Se i luoghi potessero parlare certamente il muretto sul lungomare di Catona, dove i due giovani hanno condiviso tanti momenti spensierati e felici e accanto al quale l’associazione Amici di Domenico e Chiara presieduta dal papà di Domenico, Nuccio Tortorici, ha adottato due aiuole che amorevolmente da quasi cinque anni cura, avrebbe tanto da raccontare. Grazie all’impegno di Nuccio Tortorici, questo luogo dal 2017 racconta questa storia ed emoziona.
«In loro memoria abbiamo adottato le aiuole che sorgono proprio nel posto in cui Domenico e Chiara sono cresciuti Insieme. Quando venivo a prenderli, erano lì ad aspettarmi, seduti su questo muretto, per loro un luogo del cuore. Così quelle aiuole, con piantine di mirto, alberelli di ulivo e al centro un cuore in pietra lavica adagiato sul pietrisco, rievocano sentimenti e destano emozioni. Teniamo così vivi, inseparabili nel loro amore come nella memoria, i nostri ragazzi, di cui siamo ancora fieri e orgogliosi. Speriamo che il comune di Reggio Calabria voglia accordarci anche la possibilità di intitolare la piazzetta dove insistono le due aiuole alla loro memoria. Al più presto avvieremo l’iter», spiega Nuccio Tortorici, papà di Domenico.

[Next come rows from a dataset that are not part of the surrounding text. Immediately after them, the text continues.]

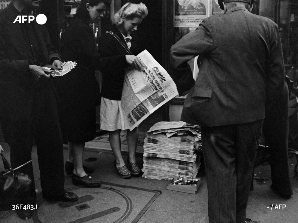 Août 1944 : des Parisiens se précipitent sur les journaux du jour qui viennent d'être livrés. © AFP
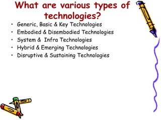 Dr. Vijay Kr Khurana outlines various types of technologies, including disruptive, sustaining, and technologies relevant to national and organizational portfolios, emphasizing their interrelatedness and importance for competitiveness. The document discusses the technology life cycle, detailing its phases from development to decline and how it differs from the product life cycle. Examples from the automotive industry illustrate technological advancements and shifts over time.
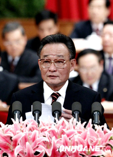 3月9日,十一屆全國人大三次會議在北京人民大會堂舉行第三次全體會議。全國人民代表大會常務委員會委員長吳邦國作全國人民代表大會常務委員會工作報告。 新華社記者劉建生攝
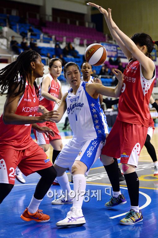 [춘천=아시아경제 김현민 기자] 여자 프로농구 우리은행과 KDB생명의 경기가 19일 춘천호반체육관에서 열렸다. 우리은행 양지희가 상대 수비에 막혀 고전하고 있다. 김현민 기자 kimhyun81@asiae.co.kr<ⓒ세계를 보는 창 경제를 보는 눈, 아시아경제(www.asiae.co.kr) 무단전재 배포금지>
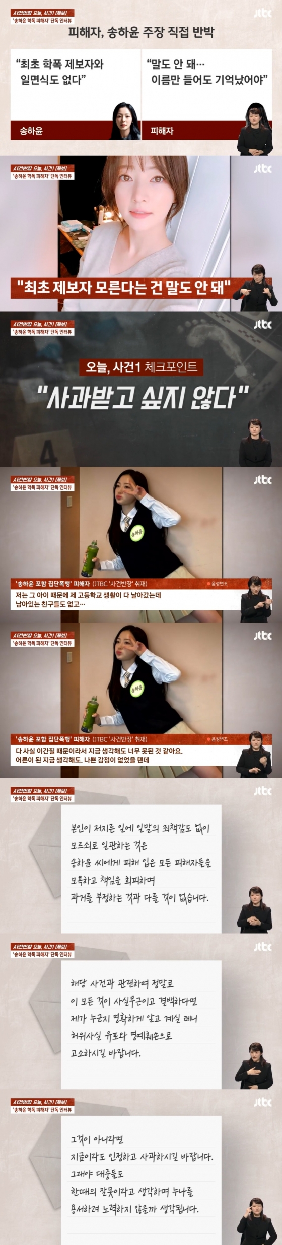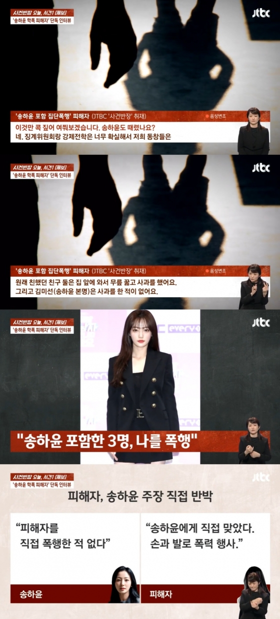 8일 오후 방송된 JTBC '사건반장'에서는 송하윤에게 학폭 피해를 입었다고 주장하는 A 씨의 단독 인터뷰가 공개됐다.

L'amore che vince la morte

“Quello che eravamo prima l’uno per l’altro, lo siamo ancora”, Da “La morte non è niente” di Henry Scott Holland, ecco la frase che rifulge sul cuore di pietra lavica, che si incastona nel tramonto sullo Stretto, mentre due giovani passeggiano teneramente mano nella mano. Un luogo che sconfigge la morte e dove palpitano la vita e l’amore.
«Nuccio ha realizzato tante iniziative per alimentare la memoria che è importante non spegnere. Tra queste anche l’adozione di queste aiuole, proprio nel luogo a Chiara e Domenico così familiare. Erano una bella coppia, genuina e affiatata. Avevano scelto di vivere insieme; così sono certo vorrebbero essere ricordati», sottolinea Dino Matalone, papà di Chiara.

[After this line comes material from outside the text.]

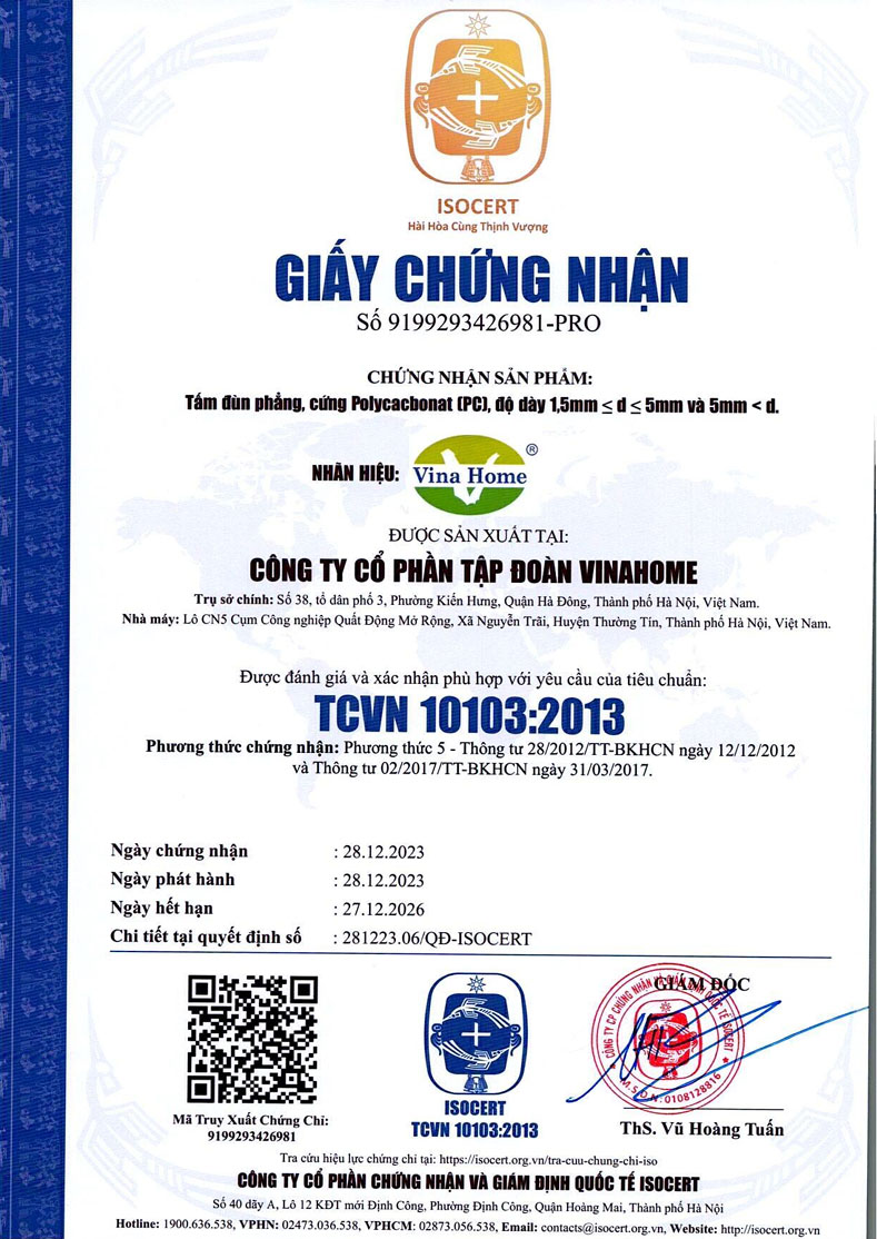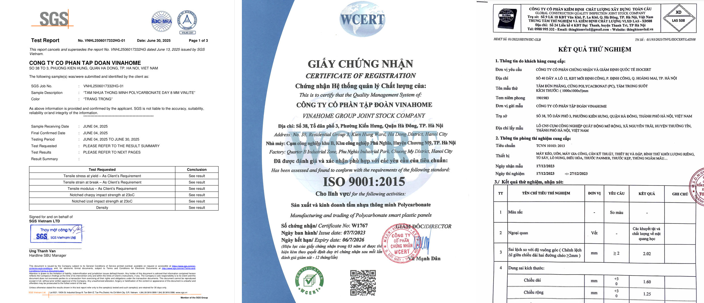 Những chứng nhận này không chỉ là "tấm vé thông hành" cho sản phẩm tấm poly Vinahome, mà còn là lời cam kết mạnh mẽ của Vinahome về tính minh bạch, nguồn gốc xuất xứ rõ ràng và chất lượng vượt trội đã được kiểm chứng.

I ricordi non possono supplire, non possono guarire un'atroce assenza, ma possono curare la nostalgia, accompagnarla in un fluire meno insostenibile. Il cammino di questa memoria è iniziato subito dopo la tragedia, proprio su impulso del padre di Domenico, Benedetto (Nuccio) Tortorici che ha fatto dono della sua storia nel libro “Domenico e Chiara, amore e dolore di padre. Brescia, 4/3/2012" (Città del Sole Edizioni) pubblicato nel 2013, ed è stato poi scandito dalla consegna di borse di studio poste a disposizione dall'associazione Amici di Domenico e Chiara per studenti in difficoltà diplomatisi presso l'Itis Panella Vallauri e l'Ite Piria Reggio Calabria, frequentati rispettivamente da Domenico e da Chiara, e presso l’Istituto Comprensivo Est 2 di San Polo di Brescia dove il papà di Domenico si è recato incontrando i ragazzi, accolto dalla Casa delle Associazioni. Poi ancora sono state due le edizioni della Corricatona – trofeo Amici di Domenico e Chiara. Un percorso condiviso, scandito da iniziative di aggregazione e condivisione, che nel tempo ha visto accanto all’associazione Amici di Domenico e Chiara, amici, le parrocchie di Catona e Salice, quartieri natii di Chiara e Domenico, e altre associazioni come l'Avis comunale OdV e il Centro Sportivo Italiano di Reggio Calabria, l’associazione Nuova Solidarietà di Catona.

La memoria, pur non potendo cancellare il grande dolore di una perdita così incolmabile, per altro in circostanze così violente, dimostra di poter diventare scia luminosa di stelle che instancabilmente vengono giù da un cielo brillante, scrigno di una storia d'amore bellissima come i vent’anni bastati per accenderla.